By Ilyce R. Glink and Samuel J. Tamkin
Saturday, November 14, 2009

Q: I applied for a refinance with my current lender. I did my application over the phone and was then told the rates and options. I was told I would most likely not need an appraisal, but if I did need one, the lender would pay for it.

I locked in the rate and terms and paid the $395 application fee by credit card. Three weeks later, I was told that the lender did want an appraisal -- but I would not be responsible for payment of the appraisal fee.

My home appraised for $50,000 less than my mortgage balance, so the rates and terms changed drastically. I was sent an e-mail saying that my initial terms and rate could not be given to me, and if I didn't take the new terms and fees, I would lose my $395 application fee.

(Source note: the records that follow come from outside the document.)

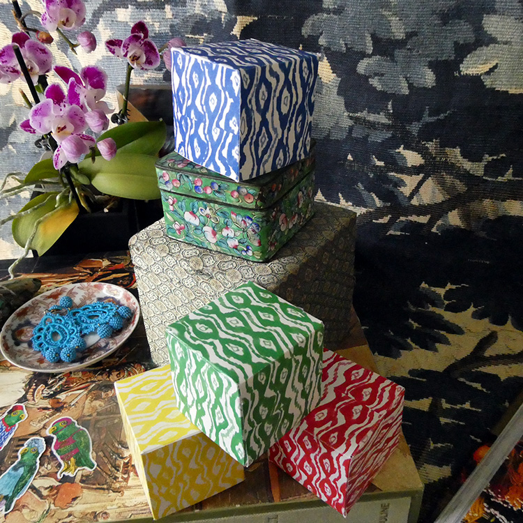 Ikat patterned 5×7 note cards in several cheerful colors with coordinating e make for a chic addition to your desk.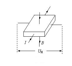 在半導(dǎo)體薄片兩端通以控制電流I,并在薄片的垂直方向施加磁感應(yīng)強度為B的勻強磁場,則在垂直于電流和磁場的方向上,將產(chǎn)生電勢差為UH的霍爾電壓。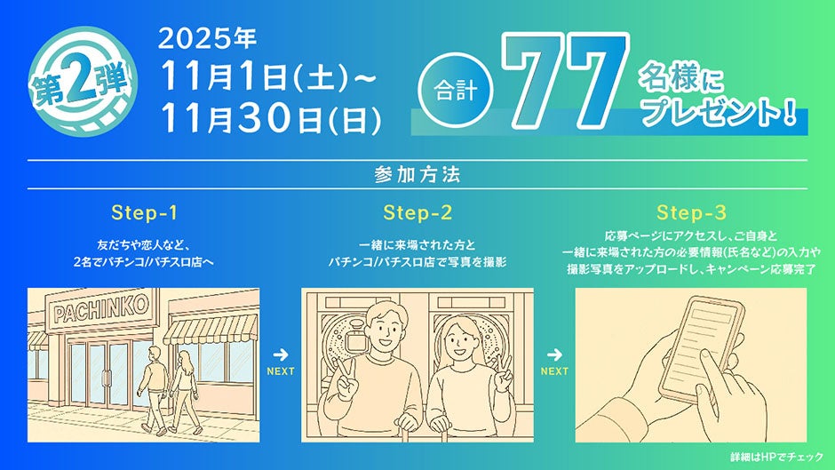 本キャンペーンを通じて、参加者の皆さまに「ひとりじゃない楽しさ」を感じていただき、パチンコ・パチスロをより身近で楽しい時間として体験していただくことを目指しています。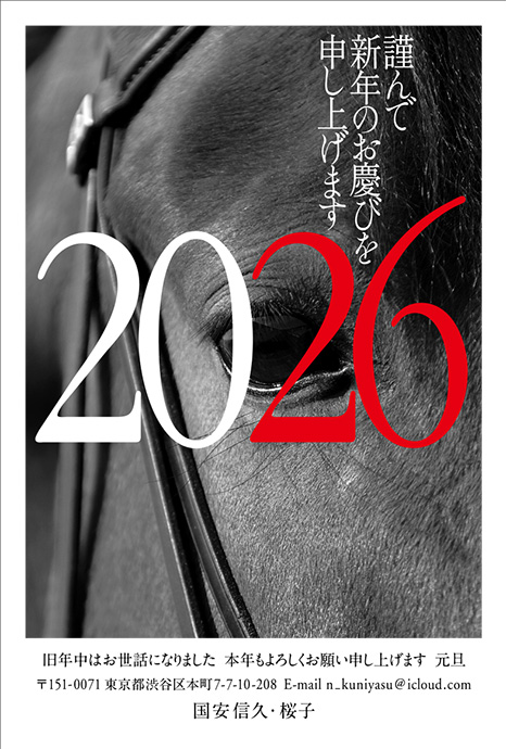 馬の瞳をメインに。年号と合わせて大胆なデザインにまとめました。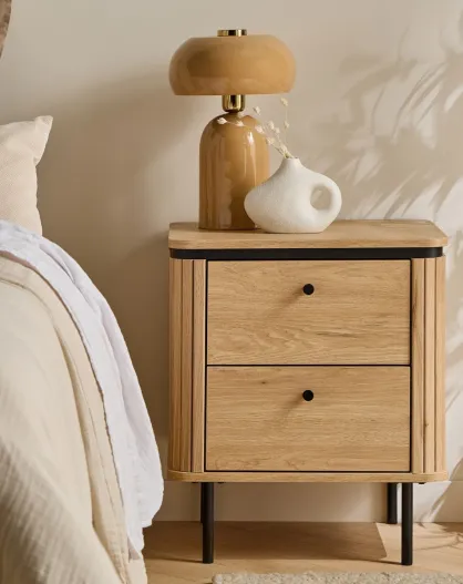 Table de chevet 2 tiroirs avec côtés effet rainuré h55 cm - malaga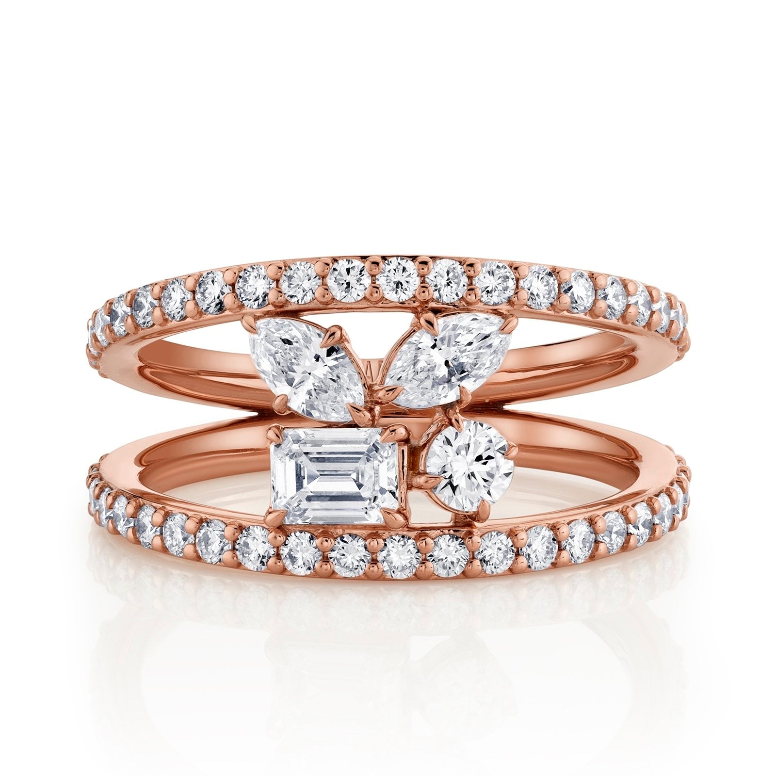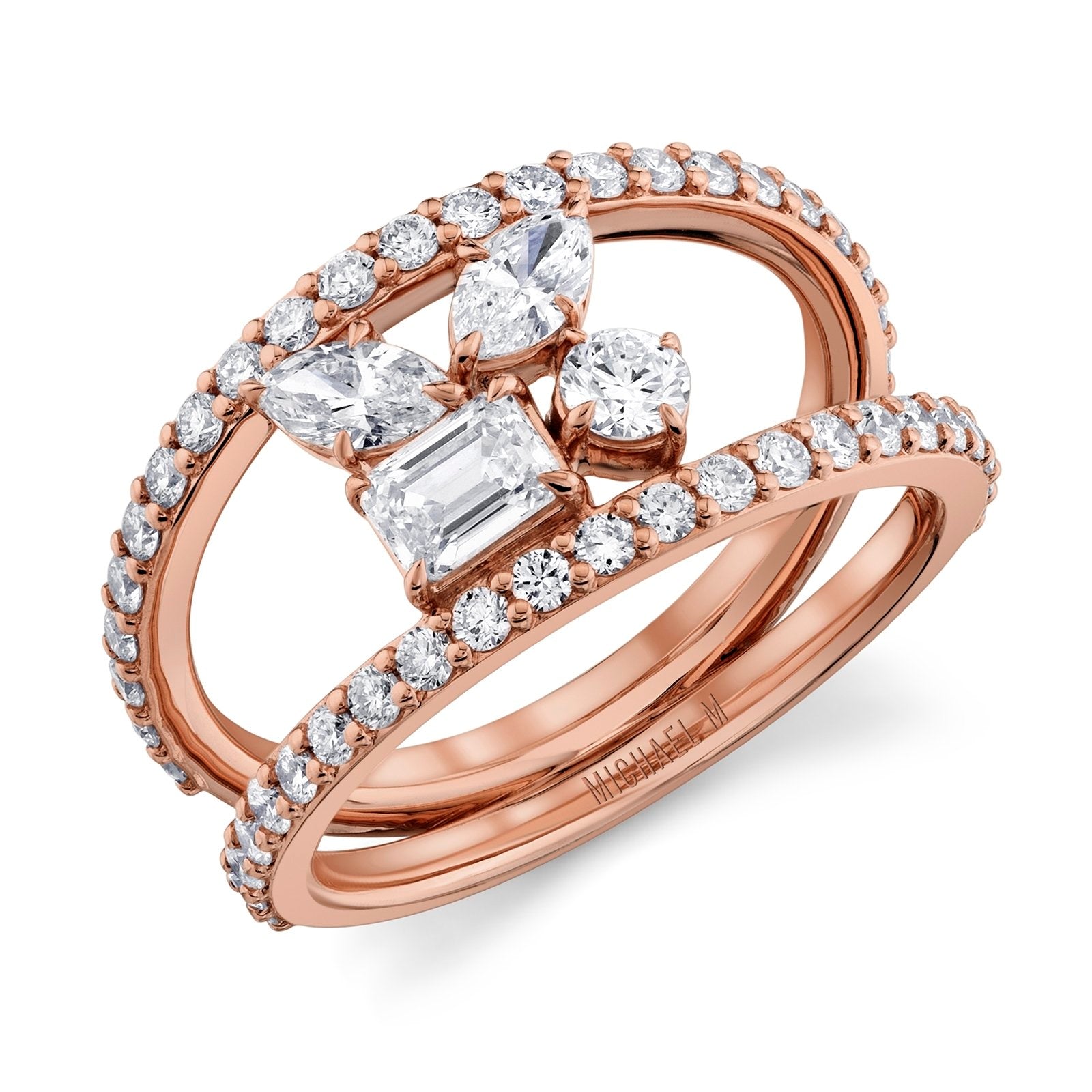 18K rose gold diamond fashion ring. The ring features one emerald cut diamond, two marquise diamonds, and round brilliant cut diamonds weighing 1.37. Designed by Michael M.

This does not sound legal or ethical to me because the terms I was offered after the appraisal were different than what I was quoted. Am I stuck with the higher rates and points, and will I lose my $395 if I don't go through with the refinance?

A: You told the lender on the phone what your property was worth. The lender priced the loan based on that information. Unfortunately, your estimate of what your property was worth was $50,000 short. Because you don't have the equity that the lender requires, you cannot get the loan you were hoping to get.

If you look at the paperwork, you'll probably see language that requires your home to appraise out in order to qualify for the quoted interest rate, fees and terms.

The lender isn't trying to scam you. It's that the government is backing about 90 percent of loans out there, and Uncle Sam is extremely strict about the home equity you have during a refinance.

Your biggest problem is that you're $50,000 underwater with your mortgage. While you'll be out the $395, you may be best off sticking with the loan you have (provided that the interest rate isn't over 8 percent) until you have paid down more of your balance.

If you think the appraiser was in error in determining the value of your property, you might want to research what homes have recently sold for in your area. If homes are selling for prices that approach what you thought was the value of your home, you might be able to go back to the lender.

Q: I bought a house in a short sale at the end of August and have since received a claim-of-lien letter from a painter. The builder must not have paid the painter. Am I responsible for the debt owed by the builder?

A: You may be responsible for the lien because it wasn't settled at the closing and paid out of the closing proceeds. This is one of the problems with doing a short sale as opposed to a foreclosure, where all liens are usually wiped out.

Unpaid contractors in most states have the right to file a lien months after the work has been finished.